◆ **Your goal**
Reproduce exactly the lines from the one that holds "Three-dimensional AFM topographic" through the last line of the entries, both ends included, but not the pictures.

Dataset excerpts
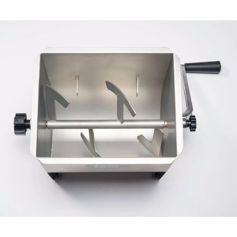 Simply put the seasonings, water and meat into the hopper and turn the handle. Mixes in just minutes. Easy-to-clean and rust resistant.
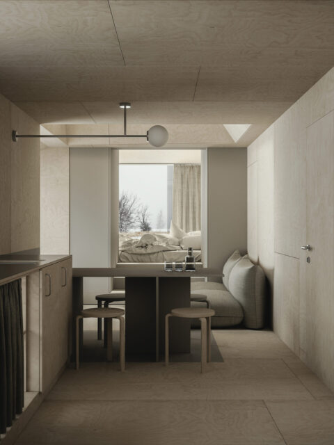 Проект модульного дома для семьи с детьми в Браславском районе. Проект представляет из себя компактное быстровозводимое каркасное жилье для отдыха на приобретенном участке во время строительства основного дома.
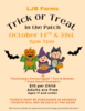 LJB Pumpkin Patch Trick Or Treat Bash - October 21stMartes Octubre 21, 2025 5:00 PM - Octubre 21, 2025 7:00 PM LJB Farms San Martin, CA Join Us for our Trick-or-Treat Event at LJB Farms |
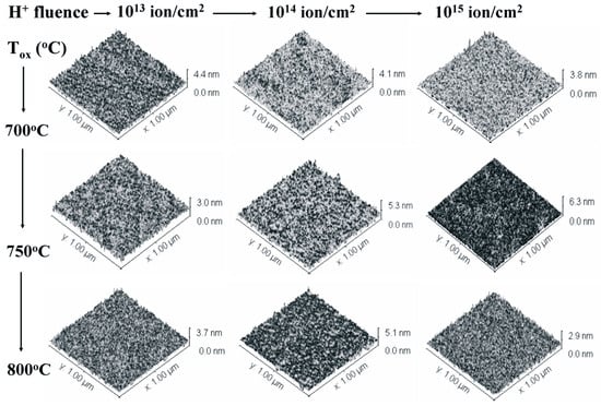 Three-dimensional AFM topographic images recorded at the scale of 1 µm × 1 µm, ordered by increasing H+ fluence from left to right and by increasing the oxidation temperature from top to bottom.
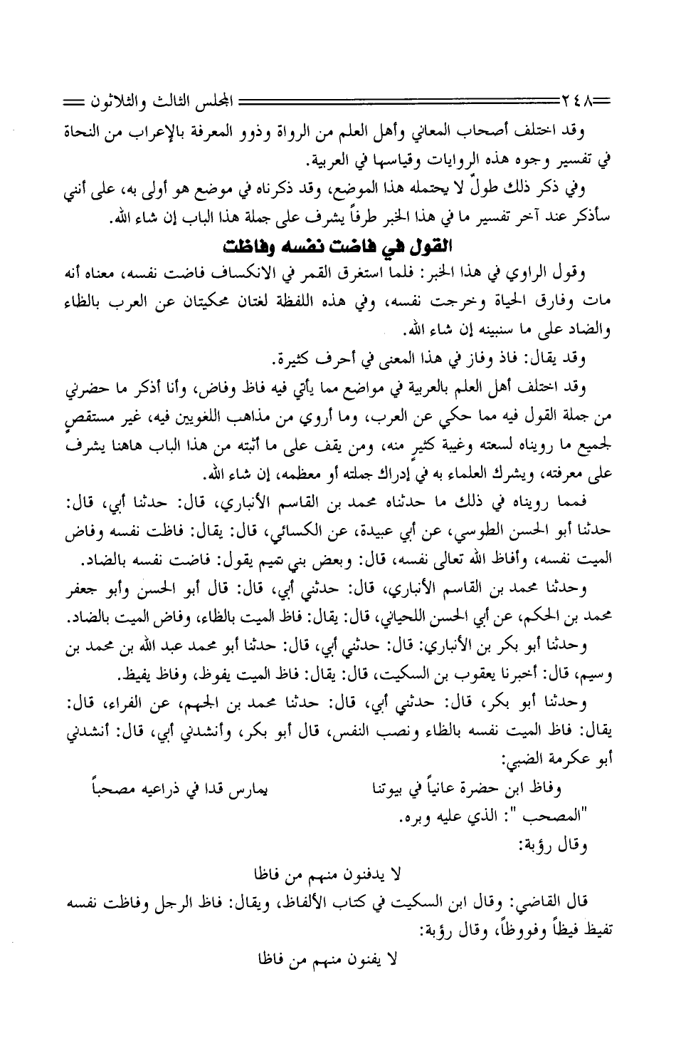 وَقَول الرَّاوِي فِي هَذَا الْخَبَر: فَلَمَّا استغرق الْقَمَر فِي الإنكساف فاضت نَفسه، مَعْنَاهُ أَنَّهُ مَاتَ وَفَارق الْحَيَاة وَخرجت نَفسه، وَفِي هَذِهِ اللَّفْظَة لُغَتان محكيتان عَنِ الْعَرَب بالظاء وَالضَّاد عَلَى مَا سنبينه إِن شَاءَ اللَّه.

◆ **Response**
 Three-dimensional AFM topographic images recorded at the scale of 1 µm × 1 µm, ordered by increasing H+ fluence from left to right and by increasing the oxidation temperature from top to bottom.
 وَقَول الرَّاوِي فِي هَذَا الْخَبَر: فَلَمَّا استغرق الْقَمَر فِي الإنكساف فاضت نَفسه، مَعْنَاهُ أَنَّهُ مَاتَ وَفَارق الْحَيَاة وَخرجت نَفسه، وَفِي هَذِهِ اللَّفْظَة لُغَتان محكيتان عَنِ الْعَرَب بالظاء وَالضَّاد عَلَى مَا سنبينه إِن شَاءَ اللَّه.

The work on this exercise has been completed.